# [Work request]
Here are the records. Write out exactly the lines between the one holding "Esta semana debido" and the one holding "Auvergne Toile De Jouy Fabric - Red", inclusive.

# [Supplied material]
————————

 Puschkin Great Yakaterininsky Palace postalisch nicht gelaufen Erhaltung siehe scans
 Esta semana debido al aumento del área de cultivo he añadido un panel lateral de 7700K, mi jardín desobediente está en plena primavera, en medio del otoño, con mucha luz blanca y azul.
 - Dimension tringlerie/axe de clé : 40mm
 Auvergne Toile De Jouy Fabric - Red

————————

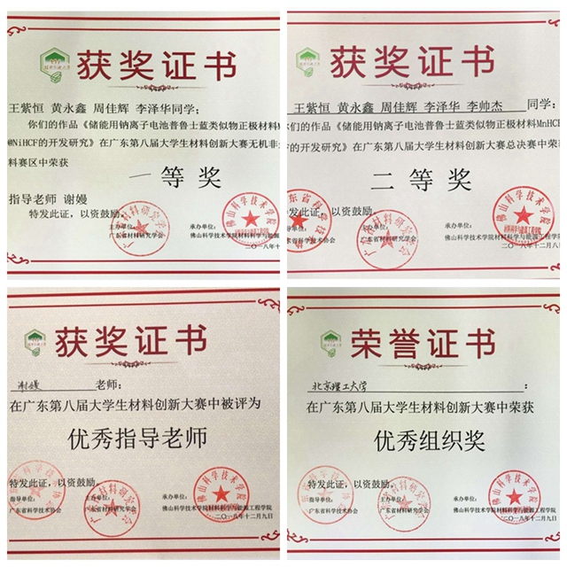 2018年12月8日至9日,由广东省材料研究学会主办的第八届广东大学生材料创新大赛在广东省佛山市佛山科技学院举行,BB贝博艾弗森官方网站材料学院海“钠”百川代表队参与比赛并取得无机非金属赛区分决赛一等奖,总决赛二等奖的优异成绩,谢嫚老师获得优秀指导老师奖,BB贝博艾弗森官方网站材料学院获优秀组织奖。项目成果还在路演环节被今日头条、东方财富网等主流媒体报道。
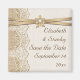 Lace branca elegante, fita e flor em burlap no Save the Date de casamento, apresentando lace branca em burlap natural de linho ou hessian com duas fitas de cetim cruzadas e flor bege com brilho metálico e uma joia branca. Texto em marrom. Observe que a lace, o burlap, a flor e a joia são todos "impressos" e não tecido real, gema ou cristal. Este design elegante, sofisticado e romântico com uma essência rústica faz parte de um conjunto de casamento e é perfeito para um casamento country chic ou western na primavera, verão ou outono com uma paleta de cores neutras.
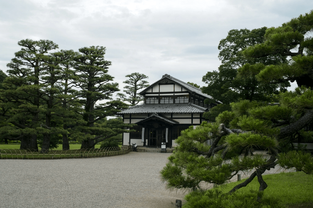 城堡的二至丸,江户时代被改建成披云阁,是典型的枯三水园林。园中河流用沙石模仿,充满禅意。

————————

# [Solution for this exercise]
 Esta semana debido al aumento del área de cultivo he añadido un panel lateral de 7700K, mi jardín desobediente está en plena primavera, en medio del otoño, con mucha luz blanca y azul.
 - Dimension tringlerie/axe de clé : 40mm
 Auvergne Toile De Jouy Fabric - Red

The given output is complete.